Here is the code that I used to plot the 2D-FT of the signal array averaged in latitude:
import numpy as np
from numpy import ma
from matplotlib import pyplot as plt
from Scientific.IO.NetCDF import NetCDFFile
### input directory
indir = '/home/nicholas/data/'
### get the flux data which is in
### [time(5day ave for 10 years),latitude,longitude]
nc = NetCDFFile(indir + 'CFLX_2000_2009.nc','r')
cflux_southern_ocean = nc.variables['Cflx'][:,10:50,:]
cflux_southern_ocean = ma.masked_values(cflux_southern_ocean,1e+20) # mask land
nc.close()
cflux = cflux_southern_ocean*1e08 # change units of data from mmol/m^2/s
### create an array that consists of the seasonal signal fro each pixel
year_stack = np.split(cflux, 10, axis=0)
year_stack = np.array(year_stack)
signal_array = np.tile(np.mean(year_stack, axis=0), (10, 1, 1))
signal_array = ma.masked_where(signal_array > 1e20, signal_array) # need to mask
### average the array over latitude(or longitude)
signal_time_lon = ma.mean(signal_array, axis=1)
### do a 2D Fourier Transform of the time/space image
ft = np.fft.fft2(signal_time_lon)
mgft = np.abs(ft)
ps = mgft**2
log_ps = np.log(mgft)
log_mgft= np.log(mgft)
Every second row of the ft consists completely of zeros. Why is this?
Would it be acceptable to add a randomly small number to the signal to avoid this.
signal_time_lon = signal_time_lon + np.random.randint(0,9,size=(730, 182))*1e-05
EDIT: Adding images and clarify meaning
The output of rfft2 still appears to be a complex array. Using fftshift shifts the edges of the image to the centre; I still have a power spectrum regardless. I expect that the reason that I get rows of zeros is that I have re-created the timeseries for each pixel. The ft[0, 0] pixel contains the mean of the signal. So the ft[1, 0] corresponds to a sinusoid with one cycle over the entire signal in the rows of the starting image.
Here are is the starting image using following code:
plt.pcolormesh(signal_time_lon); plt.colorbar(); plt.axis('tight')
Here is result using following code:
ft = np.fft.rfft2(signal_time_lon)
mgft = np.abs(ft)
ps = mgft**2
log_ps = np.log1p(mgft)
plt.pcolormesh(log_ps); plt.colorbar(); plt.axis('tight')
It may not be clear in the image but it is only every second row that contains completely zeros. Every tenth pixel (log_ps[10, 0]) is a high value. The other pixels (log_ps[2, 0], log_ps[4, 0] etc) have very low values.
Consider the following example:
In [59]: from scipy import absolute, fft
In [60]: absolute(fft([1,2,3,4]))
Out[60]: array([ 10. , 2.82842712, 2. , 2.82842712])

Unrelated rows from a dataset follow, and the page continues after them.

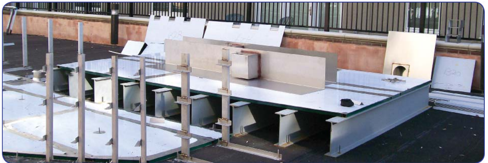
Pool frame, ready for installation of wall sections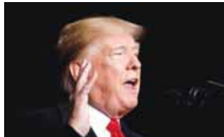
Trump has repeatedly expressed his desire to save TikTok.

It was not immediately clear if Trump has the authority to do so given the legal divestiture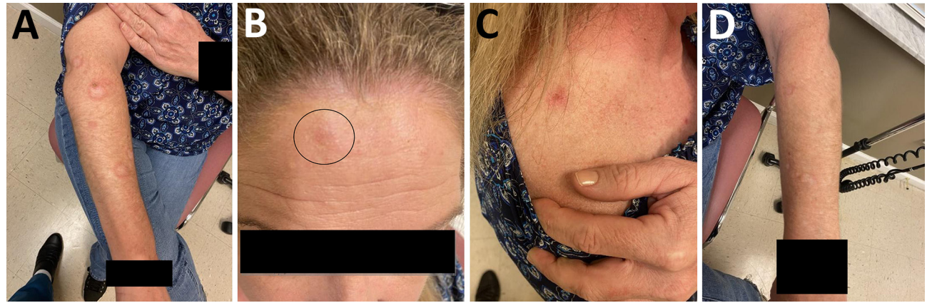
Figure 1. Leprosy lesions in a 55-year-old female patient in north Florida, USA. Multiple hypopigmented plaques with erythematous borders appeared along the right posterior forearm (A), right forehead (B), right trapezius (C), and left posterior forearm (D).

The patient manifested multiple macules and patches with central clearance and erythematous borders without hypoesthesias on the right arm and shoulder (Figures 1, 2). She denied having fever, chills, or abdominal pain but reported right knee pain and swelling, suggestive of arthritis, which is not uncommon in patients with leprosy. We prescribed monthly doses of 600 mg rifampin, 400 mg moxifloxacin, and 100 mg minocycline. We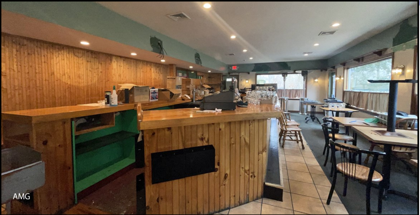
Above— Dining room with lots of natural light and also ceiling lighting. Current layout features a bar that can stay or go.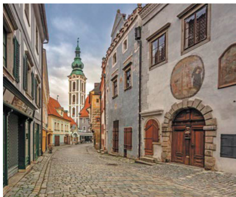
Left: Mineral spring, Karlovy Vary | Above: Český Krumlov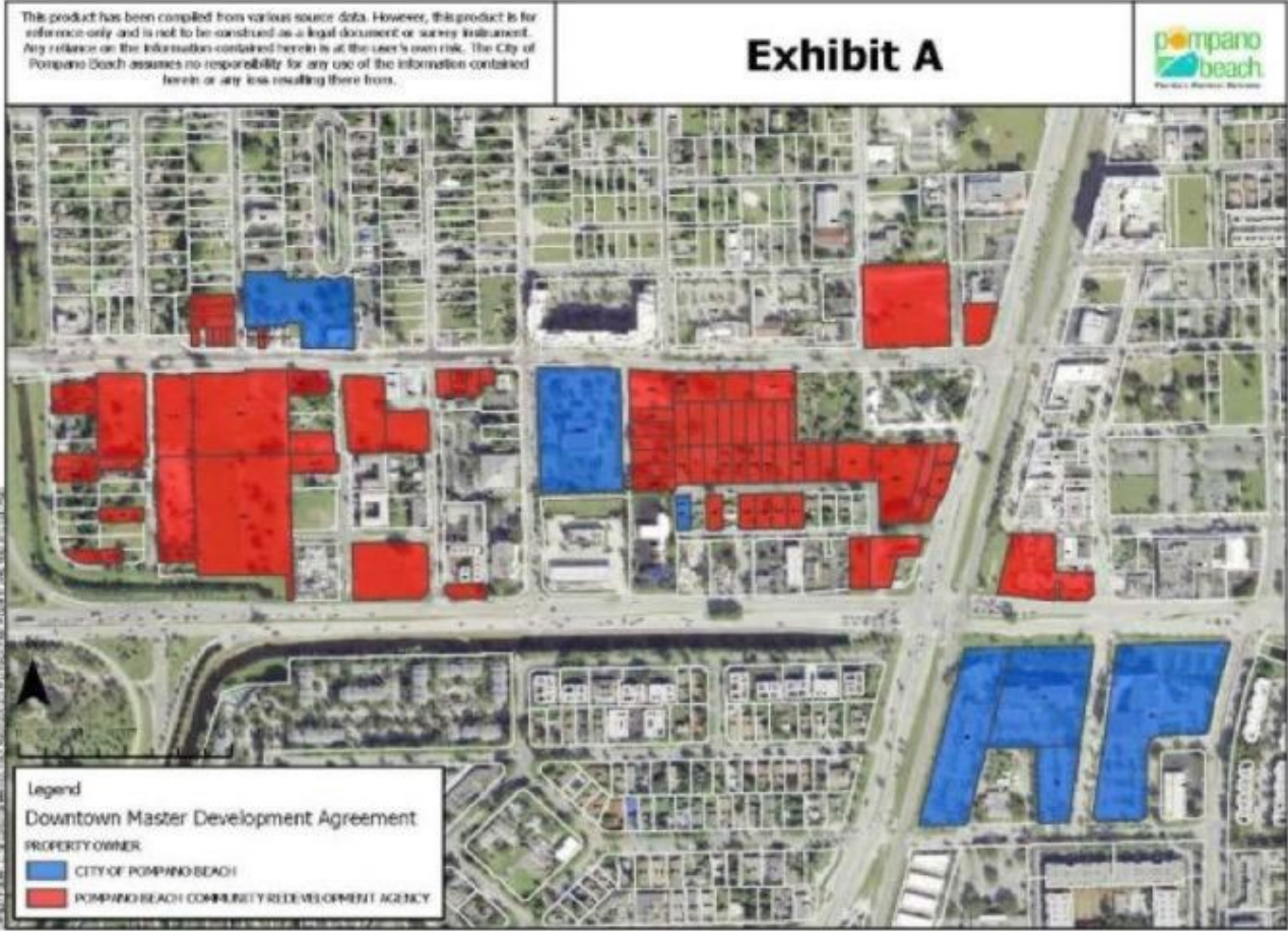
EXHIBIT A PROPERTY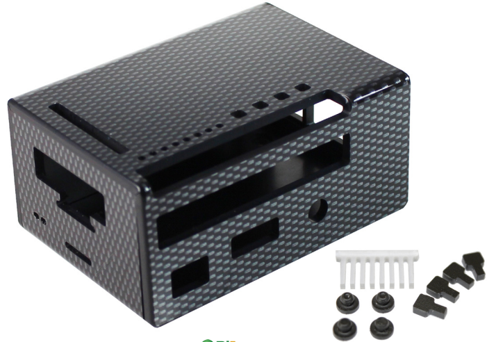
Raspberry Pi B+ and PiFace Digital 2 assemblies not included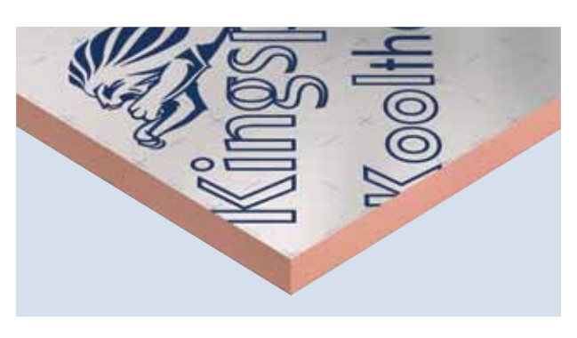
Figure 3 Super high performance Kingspan Kooltherm<sup>®</sup> K8 Cavity Board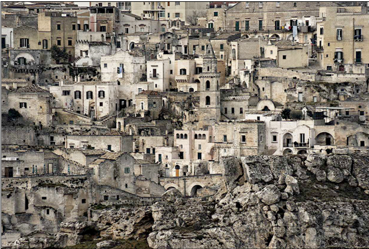
Stone of Matera | Basilicata, Italy (work-in-progress)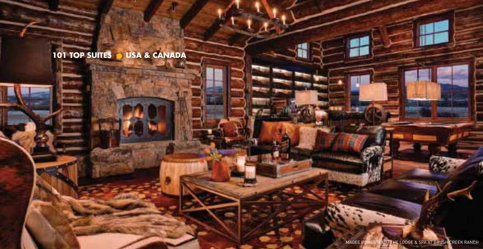
MAGEE HOMESTEAD, THE LODGE & SPA AT BRUSH CREEK RANCH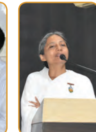
Teachers from Brahma Kumaris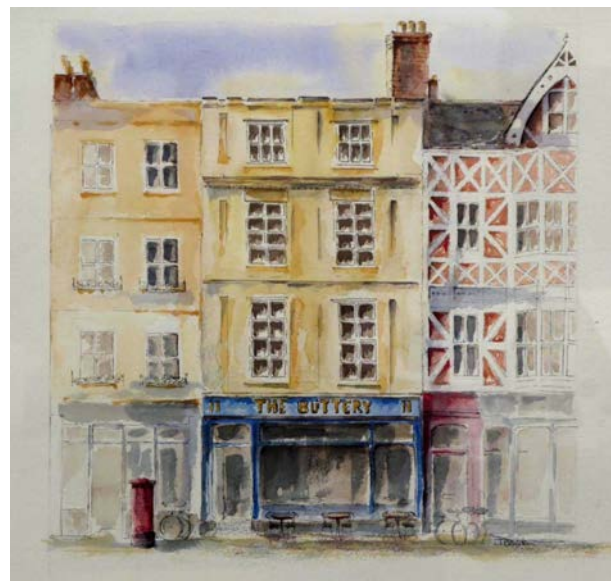
11 Jenny Bowden The Buttery, Broad Street, Oxford Watercolour NFS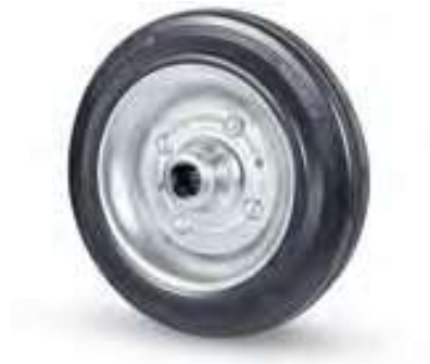
112 / GOMMA PIENA 80 Shore A RUBBER TYRE 80 Shore A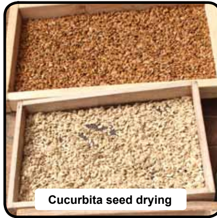
Cucurbita seed drying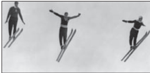
Three skiing legends performing a triple jump. (l-r) Casper Oimoen, Corey Engen, Alf Engen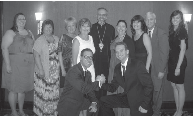
2012-2013 Senior National Executive Board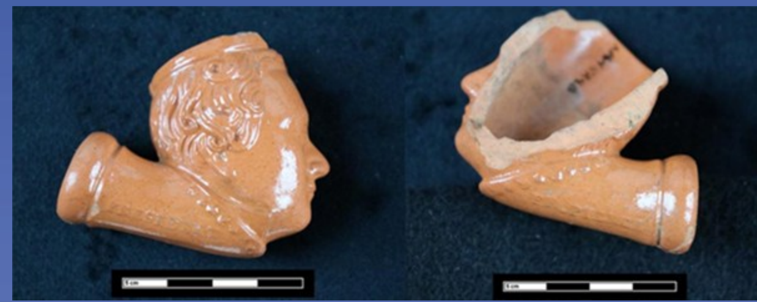
Figure A. The right side of the pipe reads "PRESIDENT," the left side "FR."

During his time as President, the country saw national tensions only rise as the Kansas-Nebraska Act of 1854 led to heightened tension between the North and South. This act allowed states to determine whether they were a free state or a slave state. Kansas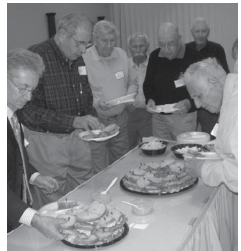
Lunch at 'Lunch with Rabbi' Series

As in real life, the group came close but was unable to suggest a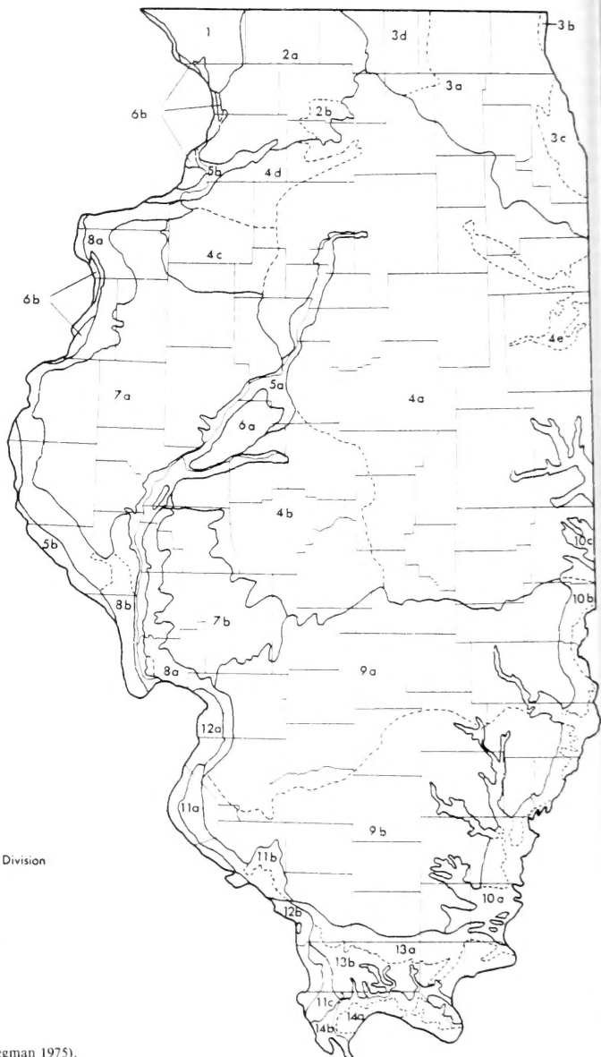
Fig. 2 — Natural divisions of Illinois (Schwegman 1975).

In [61]: absolute(fft([1,2,3,4, 1,2,3,4]))
Out[61]:
array([ 20. , 0. , 5.65685425, 0. ,
4. , 0. , 5.65685425, 0. ])
In [62]: absolute(fft([1,2,3,4, 1,2,3,4, 1,2,3,4]))
Out[62]:
array([ 30. , 0. , 0. , 8.48528137,
0. , 0. , 6. , 0. ,
0. , 8.48528137, 0. , 0. ])
If X[k] = fft(x), and Y[k] = fft([x x]), then Y[2k] = 2*X[k] for k in {0, 1, ..., N-1} and zero otherwise.
Therefore, I would look into how your signal_time_lon is being tiled. That may be where the problem lies.